HOW TO COMPLETE THIS TASK = Repeat exactly, and only, the lines from the one containing "Bà Lâm Hồng" through the last line of the data below.

AVAILABLE DATA =
········

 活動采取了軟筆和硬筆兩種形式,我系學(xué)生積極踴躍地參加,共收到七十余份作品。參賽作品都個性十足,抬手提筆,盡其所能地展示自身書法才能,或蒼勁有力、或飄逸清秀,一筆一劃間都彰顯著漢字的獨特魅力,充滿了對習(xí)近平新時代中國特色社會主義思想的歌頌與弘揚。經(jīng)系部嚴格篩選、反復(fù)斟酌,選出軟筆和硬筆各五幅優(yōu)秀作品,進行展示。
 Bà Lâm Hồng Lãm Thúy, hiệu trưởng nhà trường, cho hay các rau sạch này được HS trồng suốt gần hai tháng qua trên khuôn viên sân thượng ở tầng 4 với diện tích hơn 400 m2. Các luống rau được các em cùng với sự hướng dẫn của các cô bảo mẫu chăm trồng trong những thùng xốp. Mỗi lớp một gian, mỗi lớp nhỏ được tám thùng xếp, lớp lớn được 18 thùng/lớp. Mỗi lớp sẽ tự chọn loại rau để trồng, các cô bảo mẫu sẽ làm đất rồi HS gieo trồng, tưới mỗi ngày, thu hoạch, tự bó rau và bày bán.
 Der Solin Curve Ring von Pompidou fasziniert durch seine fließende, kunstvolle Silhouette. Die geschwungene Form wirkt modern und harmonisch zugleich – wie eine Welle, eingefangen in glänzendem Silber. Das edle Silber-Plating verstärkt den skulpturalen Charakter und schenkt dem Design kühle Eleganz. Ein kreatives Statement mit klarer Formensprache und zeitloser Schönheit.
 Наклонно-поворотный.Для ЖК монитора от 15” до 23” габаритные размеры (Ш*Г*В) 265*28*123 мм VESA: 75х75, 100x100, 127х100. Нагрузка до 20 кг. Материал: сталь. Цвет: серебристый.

········

EXPECTED ANSWER =
 Bà Lâm Hồng Lãm Thúy, hiệu trưởng nhà trường, cho hay các rau sạch này được HS trồng suốt gần hai tháng qua trên khuôn viên sân thượng ở tầng 4 với diện tích hơn 400 m2. Các luống rau được các em cùng với sự hướng dẫn của các cô bảo mẫu chăm trồng trong những thùng xốp. Mỗi lớp một gian, mỗi lớp nhỏ được tám thùng xếp, lớp lớn được 18 thùng/lớp. Mỗi lớp sẽ tự chọn loại rau để trồng, các cô bảo mẫu sẽ làm đất rồi HS gieo trồng, tưới mỗi ngày, thu hoạch, tự bó rau và bày bán.
 Der Solin Curve Ring von Pompidou fasziniert durch seine fließende, kunstvolle Silhouette. Die geschwungene Form wirkt modern und harmonisch zugleich – wie eine Welle, eingefangen in glänzendem Silber. Das edle Silber-Plating verstärkt den skulpturalen Charakter und schenkt dem Design kühle Eleganz. Ein kreatives Statement mit klarer Formensprache und zeitloser Schönheit.
 Наклонно-поворотный.Для ЖК монитора от 15” до 23” габаритные размеры (Ш*Г*В) 265*28*123 мм VESA: 75х75, 100x100, 127х100. Нагрузка до 20 кг. Материал: сталь. Цвет: серебристый.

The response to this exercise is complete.